Evaluating allows you to discover the performance of your model’s Machine Learning part.
Thus, evaluating a model is only possible for models expanded with custom training data.
Check out Custom data and Machine Learning best practices page for evaluation best practices.
Evaluating a model
To evaluate a model, follow the steps below:
-
Navigate to NLU → NLU Models section.
-
Select a model from the list of available models and click on it.
-
Select the Evaluate tab.
-
Select between the ML Results tab or Full Results tab.
The ML Results tab becomes active only after you train the model. The Full Results tab is always available.
-
Upload the data you want to evaluate your model with. Supported file formats are TXT, CSV, and TSV.
-
Click the Evaluate button.
-
The evaluation starts and can take up to several minutes depending on the evaluation data scope.
-
When the Full Results evaluation is finished, the following high-level metric of the evaluation report is presented on the screen:
-
When the ML Results evaluation is finished, the following high-level metrics of the evaluation report are presented:
-
To download the report, click the Download Results button. The report includes detailed statistics and is available as a ZIP archive containing three TSV files.
-
To repeat the evaluation, click the Evaluate button.
To evaluate a model, avoid using the data that you have used to train your model with. Make sure that your evaluation set includes data that are unseen for the Machine Learning part of your model.
Evaluation Metrics
The evaluation report presents metrics to assess model performance, categorized by the selected results tab.
ML Evaluation Metrics
The ML Results tab displays detailed statistics on the model's machine learning performance:
-
Accuracy: This is a per-model metric that represents the percentage of correct predictions made by the model out of the total predictions. It is calculated by dividing the number of correctly classified samples by the total number of samples in the dataset.
Accuracy = Number of correct predictions / Total number of test sets
-
Precision: This is a per-intent metric that indicates the model's ability to avoid labeling a negative sample as positive.
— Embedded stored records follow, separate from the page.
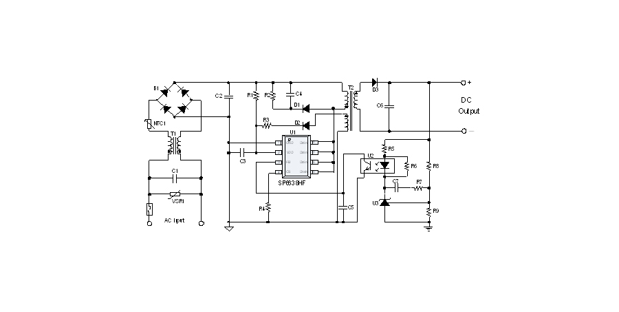 SP6638HF是一顆電流模式PWM控制芯片,內(nèi)置功率MOSFET,用于功率在18W以內(nèi)的方案。該芯片在系統(tǒng)輸出空載時(shí)工作在跳頻模式,在系統(tǒng)輸出輕載到中等負(fù)載階段工作在PFM模式,在輸出重載時(shí)工作在最大恒定工作頻率。SP6638HF的啟動電流和工作電流設(shè)定的比較小,以此減小待機(jī)時(shí)的功耗。芯片內(nèi)置有斜坡補(bǔ)償電路,避免次諧波振蕩的發(fā)生,改善系統(tǒng)的穩(wěn)定性。芯片內(nèi)置有前沿消隱時(shí)間(Leading-edge blanking time),消除緩沖網(wǎng)絡(luò)中的二極管反向恢復(fù)電流對電路的影響。該芯片帶有抖頻功能,能夠有效改善系統(tǒng)的EMI性能。芯片最低的工作頻率設(shè)置在音頻以上,在工作時(shí)可以避免系統(tǒng)產(chǎn)生噪音。SP6638HF內(nèi)置多種保護(hù),包括逐周期限流保護(hù)(OCP),過壓保護(hù)(OVP),VDD過壓箝位,欠壓保護(hù)(UVLO),過溫保護(hù)(OTP)等,通過內(nèi)部的圖騰柱驅(qū)動結(jié)構(gòu)可以更好的改善系統(tǒng)的EMI特性和開關(guān)的軟啟動控制。SP6638HF使用SOP8無鉛封裝。
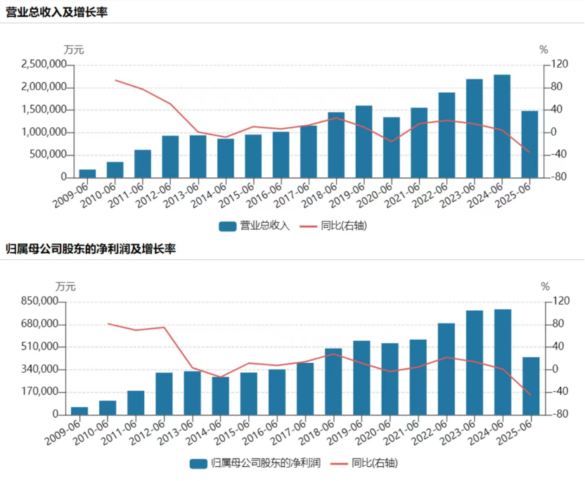 8月18日晚间,江苏洋河酒厂股份有限公司(股票代码:002304.SZ)披露了2025年中期业绩报告。财报显示,上半年公司共实现营收147.96亿元,同比下降35.32%;归母净利润43.44亿元,同比大跌45.34%。
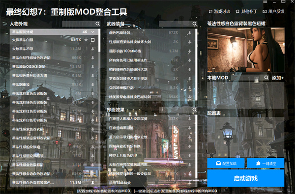 最终幻想7重制版mod整合工具,这款mod整合工具不仅涵盖了目前最新最热的有关于最终幻想7重制版的这款游戏的各种mod资源,而且该整合工具还支持一键快速安装、配置、卸载等实用功能,能够让你的游戏体验更上一层楼。不仅如此,它增加了游戏本地MOD压缩格式智能识别以及多层目录识别功能,这样玩家们就可以更好的对下载的mod进行诸如安装、配置、卸载等操作,同时本站为让广大玩家们的知道如何正确地使用这款mod整合工具,小编还在下午带来了详细的图文安装教程,此外要是遇到mod的各种问题也是可以在本文进行查看来解决,有需要这款mod整合工具的小伙伴们欢迎前来本站免费下载使用~
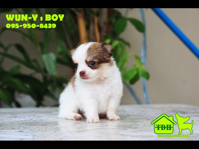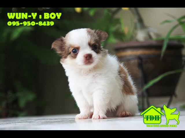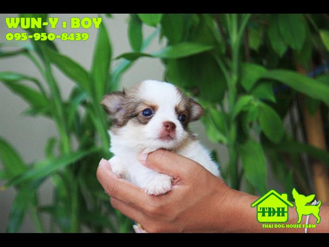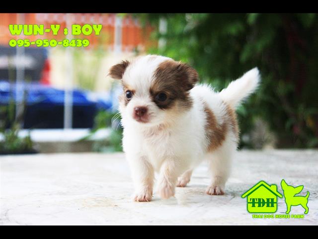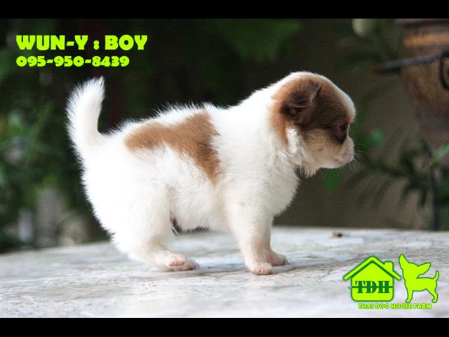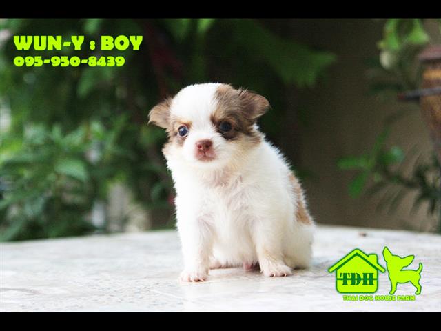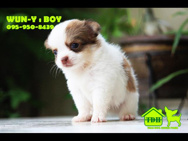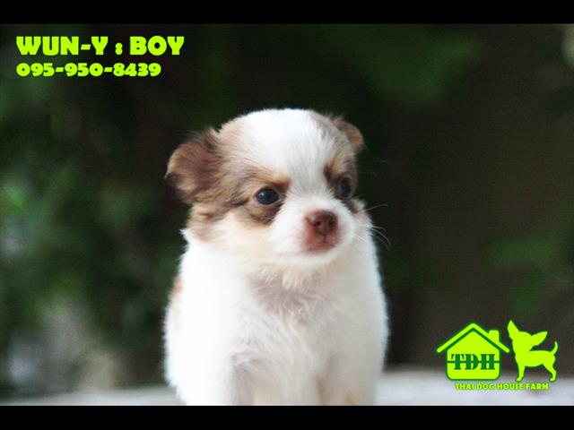 ชิวาวาหนุ่มขนยาว สีขาว-น้ำตาล
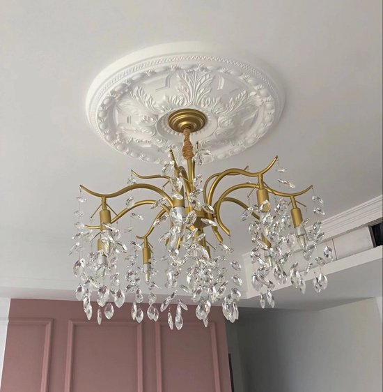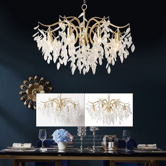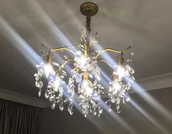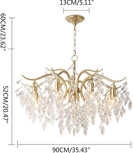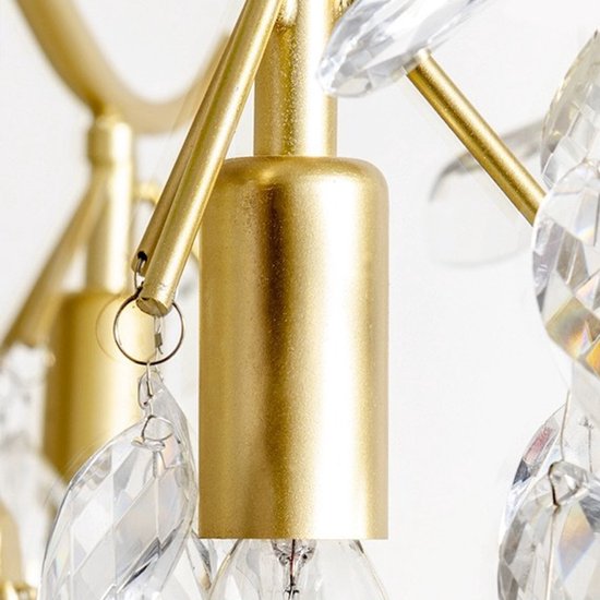 Specificaties: LuxiLamps – 9 Arm Kristallen Kroonluchter – Crystal Chandelier – Goud – Hanglamp – Woonkamerlamp – Moderne lamp – Plafonniere

High precision signifies that utterances from other classes are not incorrectly classified as belonging to this class.
Precision = TruePositives / (TruePositives + FalsePositives)
-
Recall: This is a per-intent metric that measures the model's capacity to identify all positive samples. It can be viewed as class-specific accuracy. High recall indicates that the model correctly predicts utterances that belong to the class.
Recall = TruePositives / (TruePositives + FalseNegatives)
-
F1 score: Offers a combined evaluation of both Precision and Recall to provide a more comprehensive view of the model’s performance. The F1 score is particularly useful when there is an uneven class distribution.
Fscore=2 x (Precision x Recall) / (Prescision + Recall)
Full Evaluation Metrics
The Full Results tab provides a high-level overview of the evaluation:
-
Evaluation Percentage: This metric represents the overall Accuracy of the model. It is calculated by dividing the number of utterances assigned to the correct intent by the total number of utterances in the dataset.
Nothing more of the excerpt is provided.